[Opening INPUT RECORDS section]

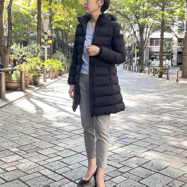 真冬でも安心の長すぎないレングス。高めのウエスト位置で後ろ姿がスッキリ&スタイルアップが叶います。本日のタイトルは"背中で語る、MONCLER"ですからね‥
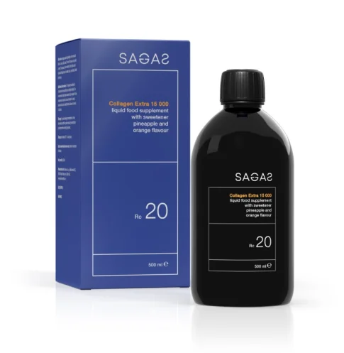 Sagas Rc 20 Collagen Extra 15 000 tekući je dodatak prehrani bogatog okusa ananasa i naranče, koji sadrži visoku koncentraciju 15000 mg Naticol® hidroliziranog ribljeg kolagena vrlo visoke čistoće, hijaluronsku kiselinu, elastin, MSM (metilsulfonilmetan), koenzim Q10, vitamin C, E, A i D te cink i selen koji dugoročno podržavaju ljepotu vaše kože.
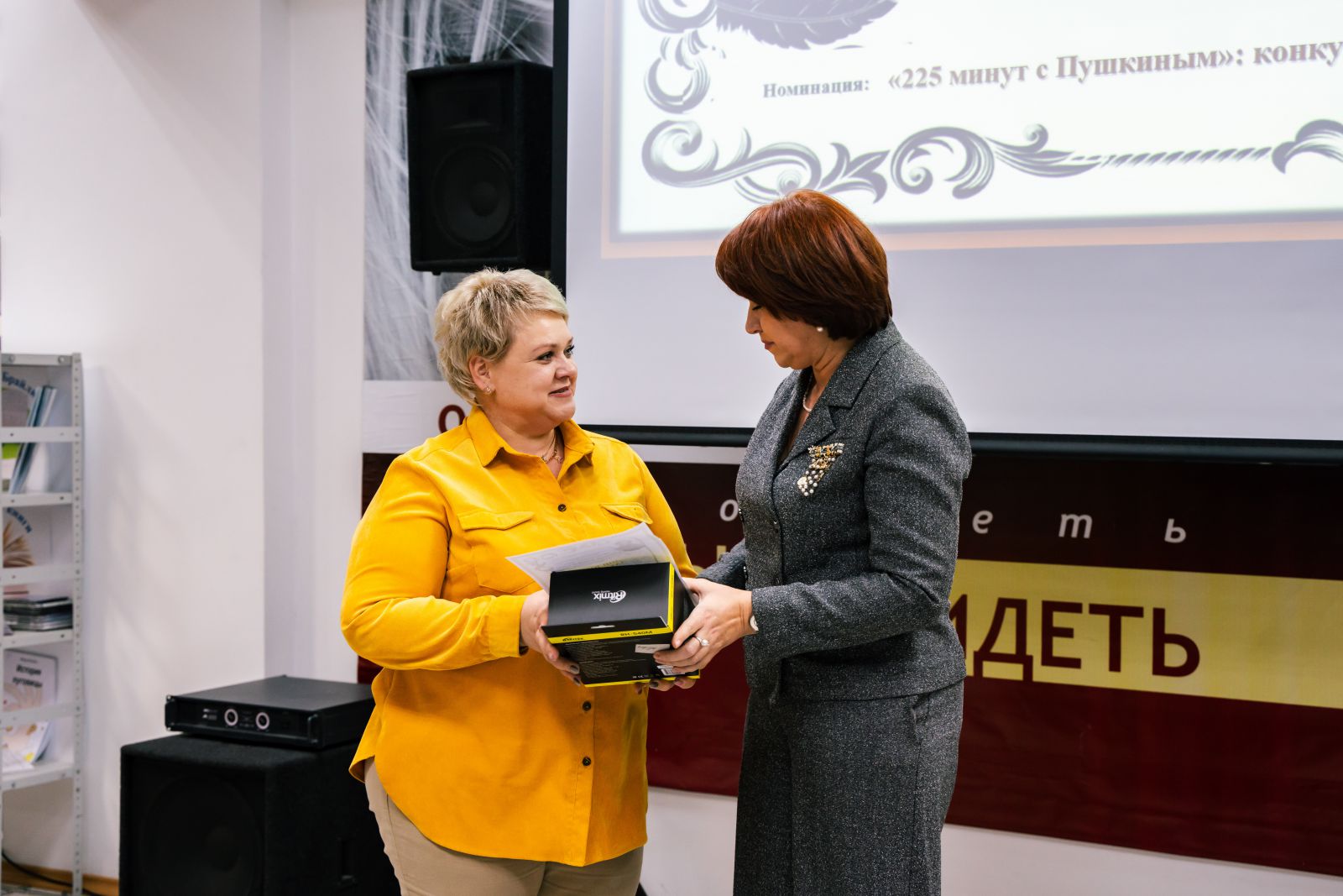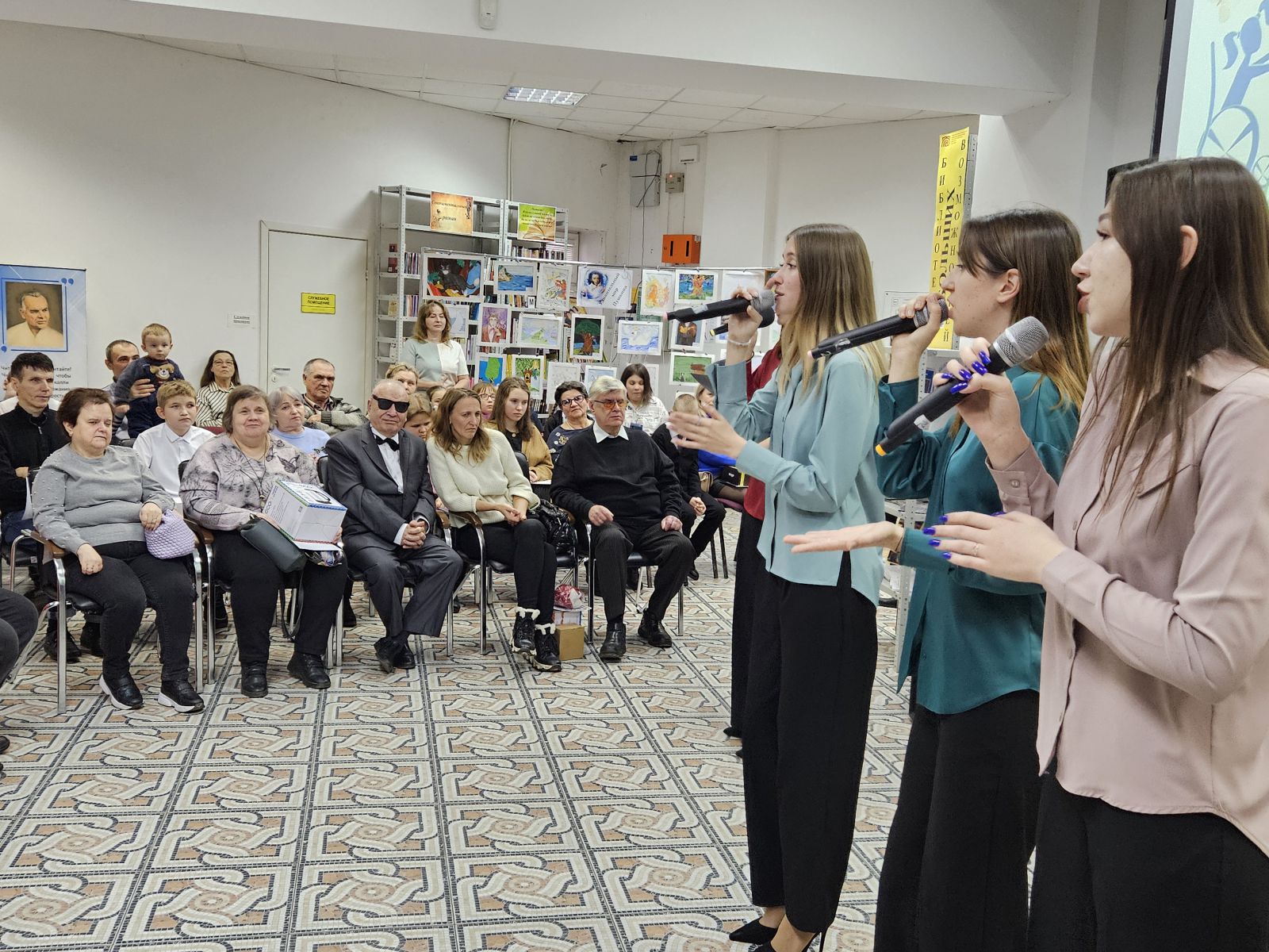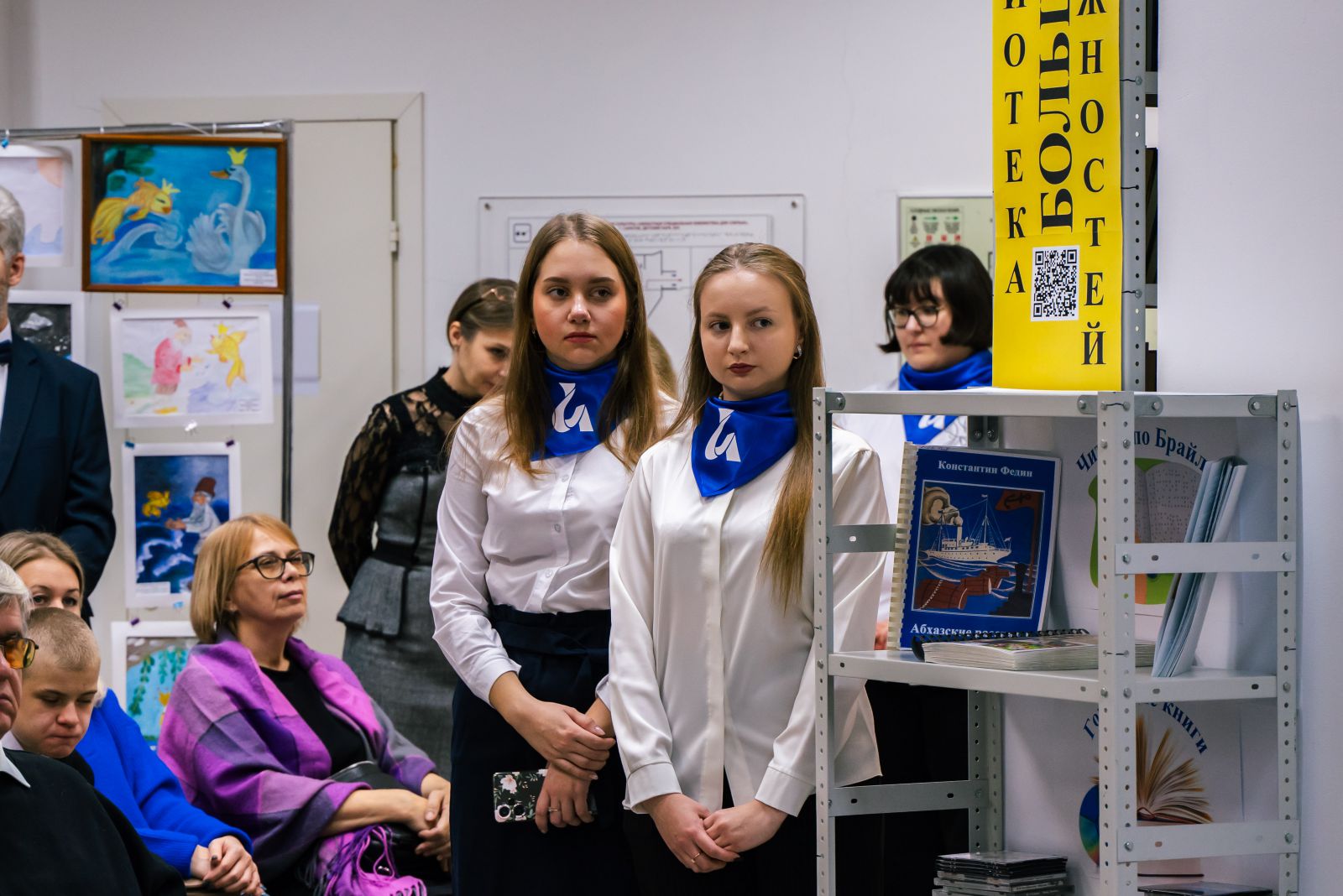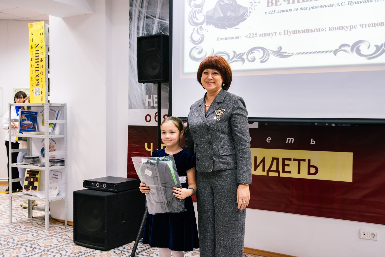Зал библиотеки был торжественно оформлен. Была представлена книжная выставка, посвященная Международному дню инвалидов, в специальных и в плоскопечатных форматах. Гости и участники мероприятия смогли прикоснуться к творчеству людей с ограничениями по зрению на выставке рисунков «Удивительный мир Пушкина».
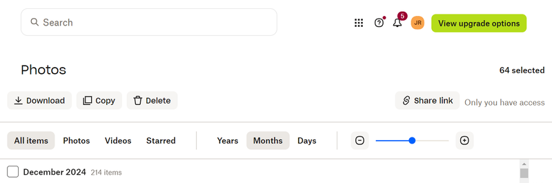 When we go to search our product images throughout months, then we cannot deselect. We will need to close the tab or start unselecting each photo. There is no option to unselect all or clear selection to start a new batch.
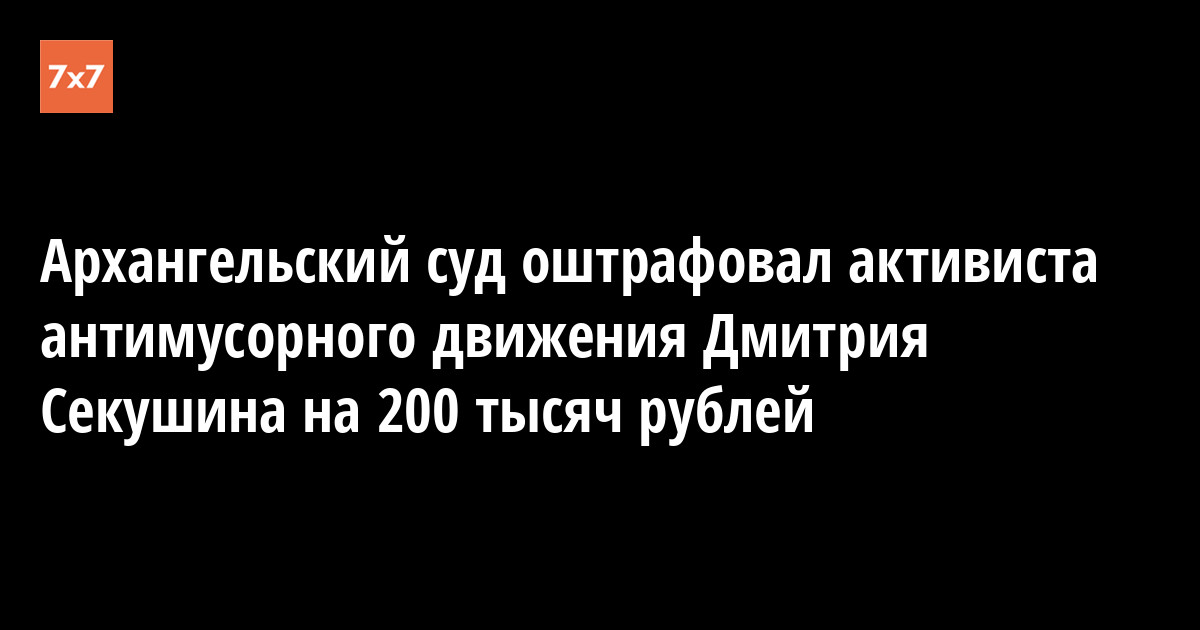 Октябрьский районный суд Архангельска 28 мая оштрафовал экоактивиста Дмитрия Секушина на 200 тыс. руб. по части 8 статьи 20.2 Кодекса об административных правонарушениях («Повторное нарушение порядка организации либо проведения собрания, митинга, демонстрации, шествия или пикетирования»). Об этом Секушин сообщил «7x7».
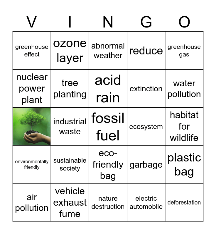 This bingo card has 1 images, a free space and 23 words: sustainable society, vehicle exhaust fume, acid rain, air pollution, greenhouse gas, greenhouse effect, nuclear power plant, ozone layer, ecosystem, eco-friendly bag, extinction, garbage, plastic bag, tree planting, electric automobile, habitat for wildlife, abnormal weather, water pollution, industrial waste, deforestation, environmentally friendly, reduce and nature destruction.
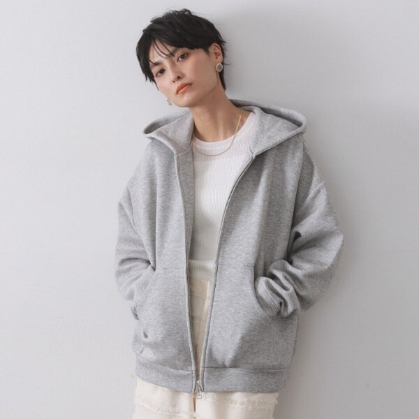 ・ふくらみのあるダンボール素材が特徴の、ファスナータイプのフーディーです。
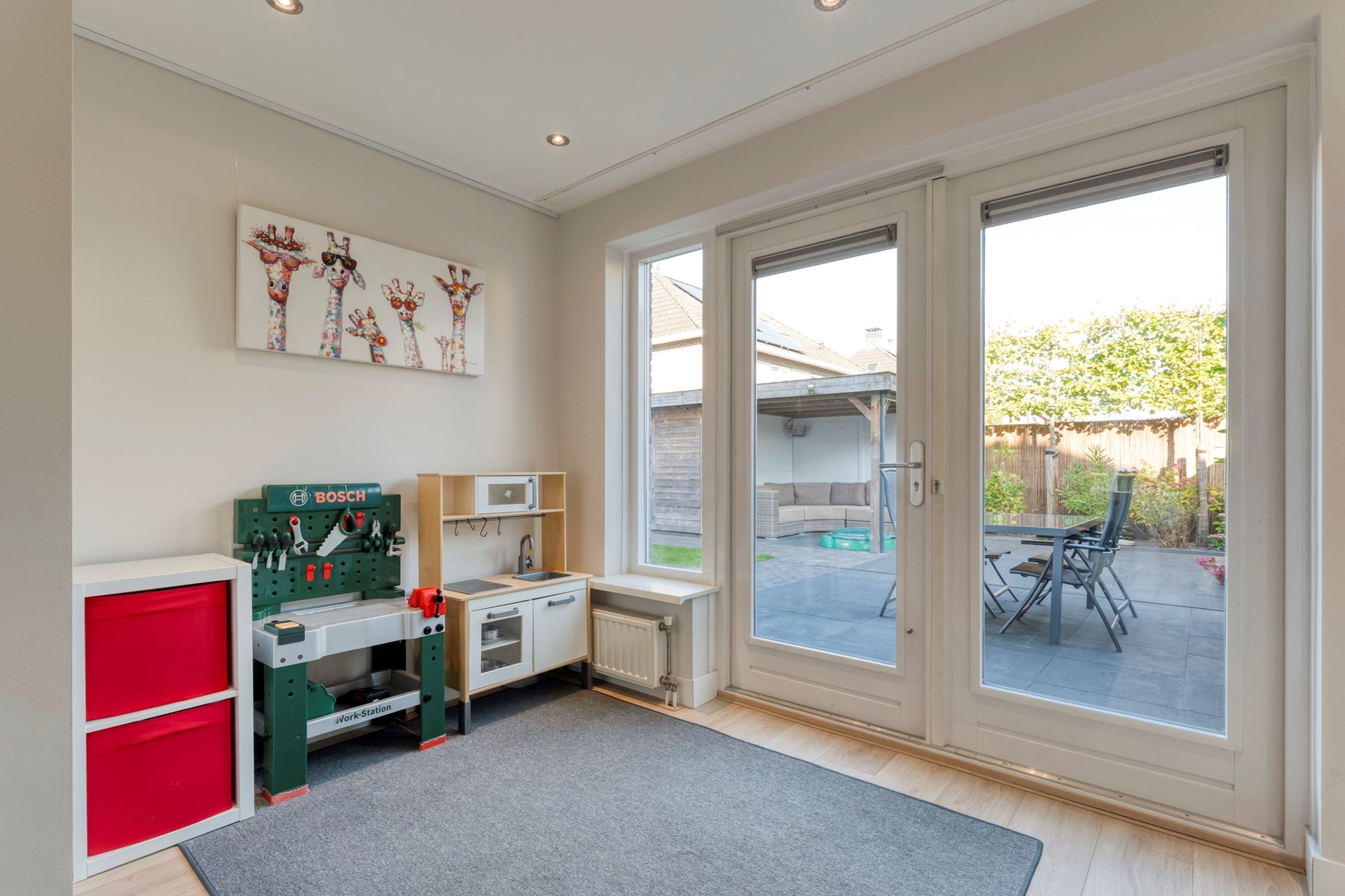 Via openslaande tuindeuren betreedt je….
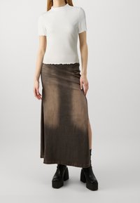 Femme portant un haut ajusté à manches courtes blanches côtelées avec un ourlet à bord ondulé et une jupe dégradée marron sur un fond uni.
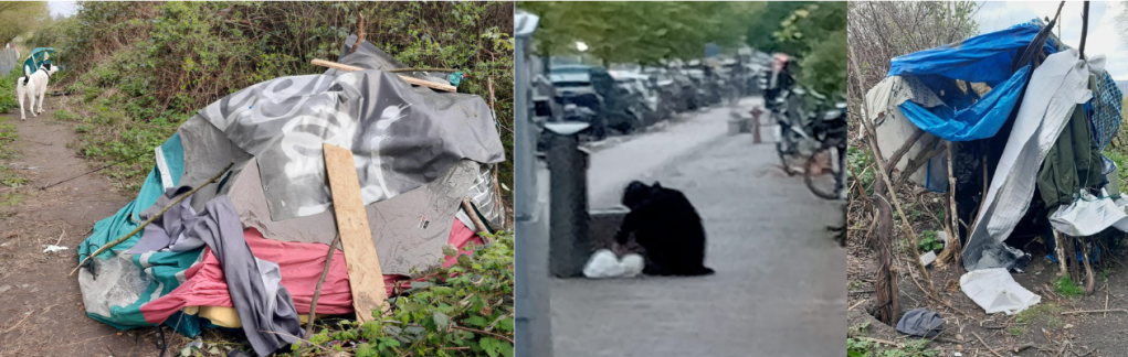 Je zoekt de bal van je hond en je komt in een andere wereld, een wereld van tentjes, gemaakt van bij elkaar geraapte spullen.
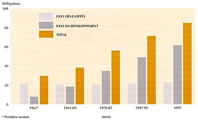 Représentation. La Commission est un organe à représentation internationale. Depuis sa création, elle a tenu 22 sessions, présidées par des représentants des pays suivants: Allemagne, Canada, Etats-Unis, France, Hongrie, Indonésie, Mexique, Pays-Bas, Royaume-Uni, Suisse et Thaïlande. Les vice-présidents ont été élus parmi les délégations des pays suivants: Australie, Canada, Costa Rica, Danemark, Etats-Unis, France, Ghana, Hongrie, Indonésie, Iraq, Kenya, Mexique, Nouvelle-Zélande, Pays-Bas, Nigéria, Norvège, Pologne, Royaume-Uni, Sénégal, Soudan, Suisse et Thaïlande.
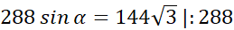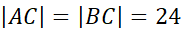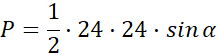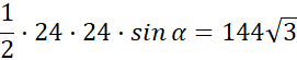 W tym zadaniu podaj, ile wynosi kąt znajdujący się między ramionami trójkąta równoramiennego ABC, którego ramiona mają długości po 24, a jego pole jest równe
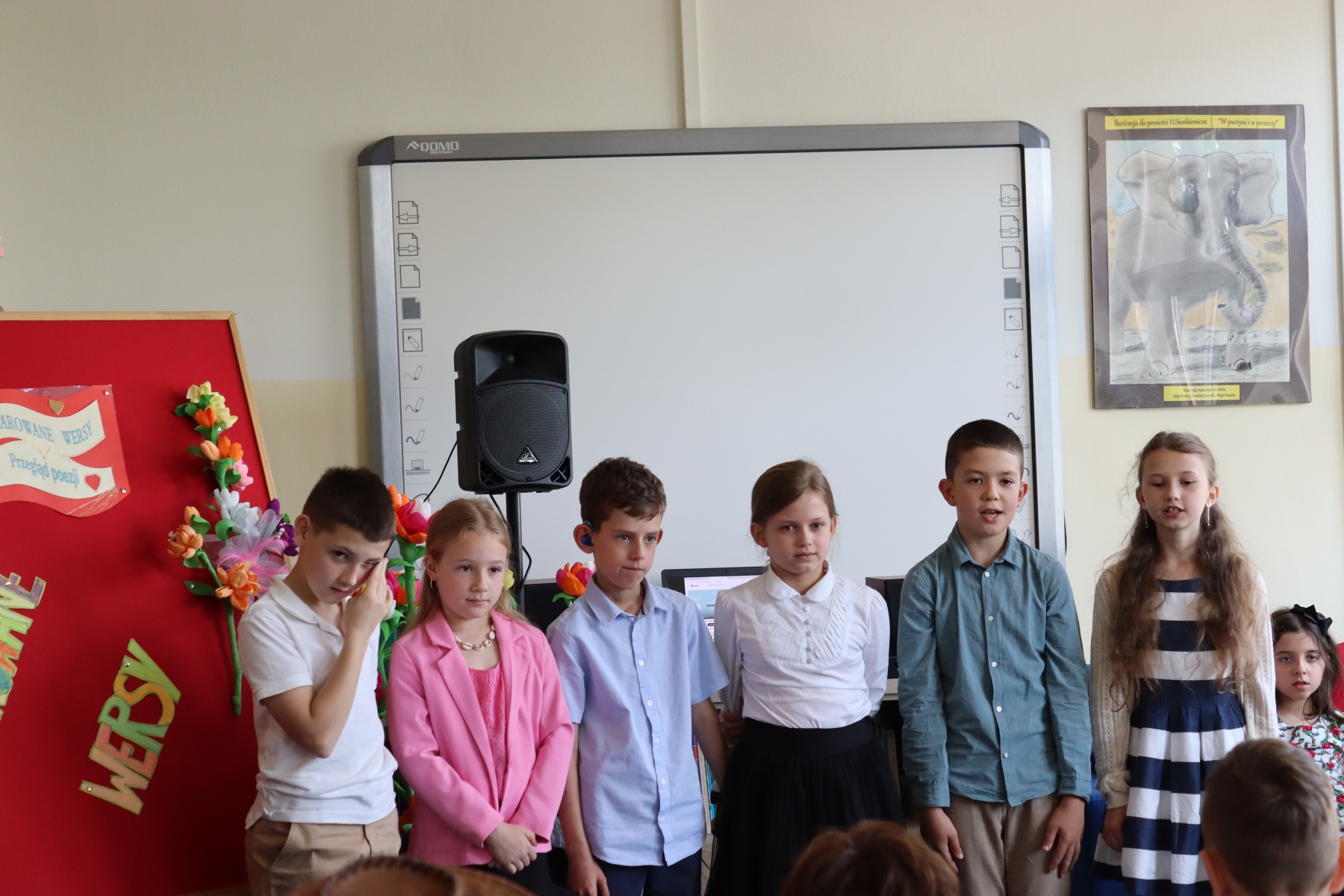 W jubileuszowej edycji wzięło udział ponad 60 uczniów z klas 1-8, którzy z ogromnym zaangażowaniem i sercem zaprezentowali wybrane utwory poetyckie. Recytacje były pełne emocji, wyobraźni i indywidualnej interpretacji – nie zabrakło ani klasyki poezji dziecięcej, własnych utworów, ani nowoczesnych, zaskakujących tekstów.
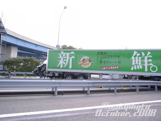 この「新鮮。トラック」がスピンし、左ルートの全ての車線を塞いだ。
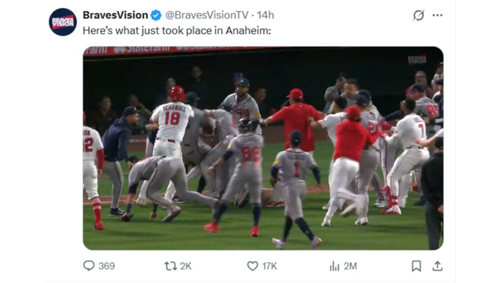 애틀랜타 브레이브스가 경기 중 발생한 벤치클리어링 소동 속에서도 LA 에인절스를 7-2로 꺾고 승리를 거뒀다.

[Closing INPUT RECORDS section]

WHAT NEEDS TO BE DONE:
Would you set down the entries exactly as given, minus their pictures?

EXERCISE SOLUTION:
 真冬でも安心の長すぎないレングス。高めのウエスト位置で後ろ姿がスッキリ&スタイルアップが叶います。本日のタイトルは"背中で語る、MONCLER"ですからね‥
 Sagas Rc 20 Collagen Extra 15 000 tekući je dodatak prehrani bogatog okusa ananasa i naranče, koji sadrži visoku koncentraciju 15000 mg Naticol® hidroliziranog ribljeg kolagena vrlo visoke čistoće, hijaluronsku kiselinu, elastin, MSM (metilsulfonilmetan), koenzim Q10, vitamin C, E, A i D te cink i selen koji dugoročno podržavaju ljepotu vaše kože.
Зал библиотеки был торжественно оформлен. Была представлена книжная выставка, посвященная Международному дню инвалидов, в специальных и в плоскопечатных форматах. Гости и участники мероприятия смогли прикоснуться к творчеству людей с ограничениями по зрению на выставке рисунков «Удивительный мир Пушкина».
 When we go to search our product images throughout months, then we cannot deselect. We will need to close the tab or start unselecting each photo. There is no option to unselect all or clear selection to start a new batch.
 Октябрьский районный суд Архангельска 28 мая оштрафовал экоактивиста Дмитрия Секушина на 200 тыс. руб. по части 8 статьи 20.2 Кодекса об административных правонарушениях («Повторное нарушение порядка организации либо проведения собрания, митинга, демонстрации, шествия или пикетирования»). Об этом Секушин сообщил «7x7».
 This bingo card has 1 images, a free space and 23 words: sustainable society, vehicle exhaust fume, acid rain, air pollution, greenhouse gas, greenhouse effect, nuclear power plant, ozone layer, ecosystem, eco-friendly bag, extinction, garbage, plastic bag, tree planting, electric automobile, habitat for wildlife, abnormal weather, water pollution, industrial waste, deforestation, environmentally friendly, reduce and nature destruction.
 ・ふくらみのあるダンボール素材が特徴の、ファスナータイプのフーディーです。
 Via openslaande tuindeuren betreedt je….
 Femme portant un haut ajusté à manches courtes blanches côtelées avec un ourlet à bord ondulé et une jupe dégradée marron sur un fond uni.
 Je zoekt de bal van je hond en je komt in een andere wereld, een wereld van tentjes, gemaakt van bij elkaar geraapte spullen.
 Représentation. La Commission est un organe à représentation internationale. Depuis sa création, elle a tenu 22 sessions, présidées par des représentants des pays suivants: Allemagne, Canada, Etats-Unis, France, Hongrie, Indonésie, Mexique, Pays-Bas, Royaume-Uni, Suisse et Thaïlande. Les vice-présidents ont été élus parmi les délégations des pays suivants: Australie, Canada, Costa Rica, Danemark, Etats-Unis, France, Ghana, Hongrie, Indonésie, Iraq, Kenya, Mexique, Nouvelle-Zélande, Pays-Bas, Nigéria, Norvège, Pologne, Royaume-Uni, Sénégal, Soudan, Suisse et Thaïlande.
 W tym zadaniu podaj, ile wynosi kąt znajdujący się między ramionami trójkąta równoramiennego ABC, którego ramiona mają długości po 24, a jego pole jest równe
 W jubileuszowej edycji wzięło udział ponad 60 uczniów z klas 1-8, którzy z ogromnym zaangażowaniem i sercem zaprezentowali wybrane utwory poetyckie. Recytacje były pełne emocji, wyobraźni i indywidualnej interpretacji – nie zabrakło ani klasyki poezji dziecięcej, własnych utworów, ani nowoczesnych, zaskakujących tekstów.
 この「新鮮。トラック」がスピンし、左ルートの全ての車線を塞いだ。
 애틀랜타 브레이브스가 경기 중 발생한 벤치클리어링 소동 속에서도 LA 에인절스를 7-2로 꺾고 승리를 거뒀다.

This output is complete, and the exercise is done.